DNA cassettes were generated using the homologous recombination technique to delete targeted genes. Approximately 1 kb of the 5′-flanking sequence and 3′-flanking sequence were amplified using primer pairs LF/LR and RF/RR from the template M. acridum Genomic DNA. These sequences were then cloned into the EcoRI/BamHI and XbaI/SacI restricted plasmid pDHt-Bar, respectively. The Bar resistance cassette, which confers resistance to bialaphos, was used as a selection marker for fungal transformation. The plasmids pDHt-Bar-MAC_04525, pDHt-Bar-MAC_07470, pDHt-Bar-MAC_05852, and pDHt-Bar-06277 were transformed into WT M. acridum strain, respectively, using A. tumefaciens mediated transformation. Transformants were screened on a Czapek-Dox medium containing 500 μg/mL Glufosinate ammonium (MedChemExpress, HY-W019870) and 250 μg/mL cefpirome (Mreda, M137862-5G). RT-PCR were used to verify the homologous integration of the resistance cassettes and the absence of genes. The primer pair gDNA-F/gDNA-R (Table S4) was used to verify the deletion of genomic DNA, while the primer pair V-F/V-R (Table S4) was used to verify the correct insertion of Bar in fungal genomes.

Virulence assays

For injection assays, conidiospores of the WT, ΔMaCFEM1, and OE-MaCFEM1 strains were harvested from ¼SDAY agar plates and diluted to a final concentration of 1 × 106 conidiospores/mL in 0.1% Tween-80 solution. Five μL of the fungal suspensions were injected into fifth-instar locust nymphs. For topical infection assays, conidiospores were diluted to a final concentration of 1 × 108 conidiospores/mL. A 2.5 μL conidial suspension containing 1 × 108 conidia/mL was applied to the head-thorax junction of locusts. Locusts treated with 0.1% Tween-80 solution were used as the control. More than 30 locusts were used for each treatment. Insect mortality was recorded every 12 h. The experiments were repeated at least twice. The median lethal time (LT50) of each strain was calculated using Kaplan–Meier analysis, and the survival dynamics were compared using the log-rank test.
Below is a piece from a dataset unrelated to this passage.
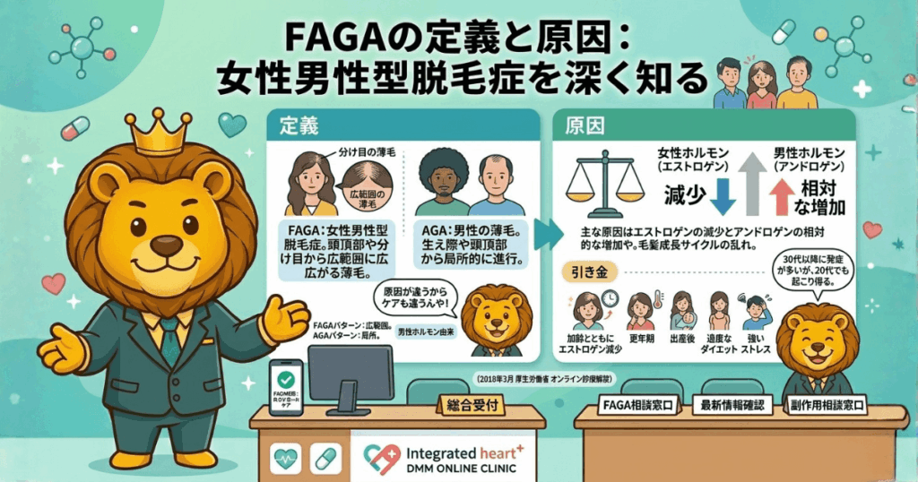 - FAGAは女性ホルモンの減少とアンドロゲンが関係する疾患。放置するほど治療が難しくなる
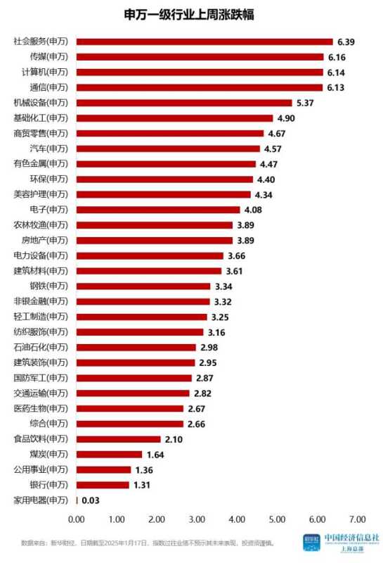 在行业表现方面,申万一级行业指数全部呈现上涨态势。社会服务、传媒、计算机、通信及机械设备等行业涨幅领先,而家用电器、银行及公用事业等行业涨幅相对较小。

Bacterial single colonies were selected and grown overnight in LB at 37 °C while shaking at 200 rpm. The overnight cultures of P. mirabilis, E. faecalis, E. hormaechei, K. aerogenes, and E. gallinarum were resuspended to 108 CFU/mL in ultrapure water (Milli-Q). W. confusa was harvested from MRS medium and diluted in ultrapure water (Milli-Q) to a final concentration of 108 CFU/mL. Five μL of the bacterial suspensions was injected into fifth-instar nymphs of locusts. Control larvae were treated with ultrapure water (Milli-Q). Control and treated larvae were placed in an incubator and incubated at 30 °C. The number of dead insects was recorded every 12 h. The survival dynamics were compared by log-rank test.
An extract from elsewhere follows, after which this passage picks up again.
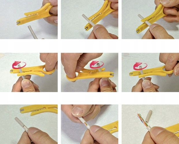 - ОБЖИМНИЙ ІНСТРУМЕНТ -призначений для модульних типів вилок: 8P8C/RJ45, 6P6C/RJ12, 6P4C/RJ11. Виготовлений із загартованої сталі. Прилад оснащений 2 ножами - обрізки і зняття ізоляції. Змінні леза дозволяють використовувати кримпер багато років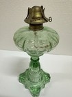 Antique Green Pressed Glass Oil Lamp Brass Burner Victorian Style

Subcellular localization of MaCFEM1

The subcellular localization of MaCFEM1 was determined in the constitutive overexpression strain in which the MaCFEM1 was fused with a GFP gene. The GFP was inserted in MaCFEM1 between the signal peptide and the CFEM domain to achieve GFP-MaCFEM1 fusion. The PgpdA promoter from Aspergillus Niger was chosen and adapted for M. acridum to control the constitutive expression of MaCFEM1. Subcellular localization of GFP-MaCFEM1 was examined using Olympus SpinSR fluorescent microscopy (Olympus, Tokyo, Japan).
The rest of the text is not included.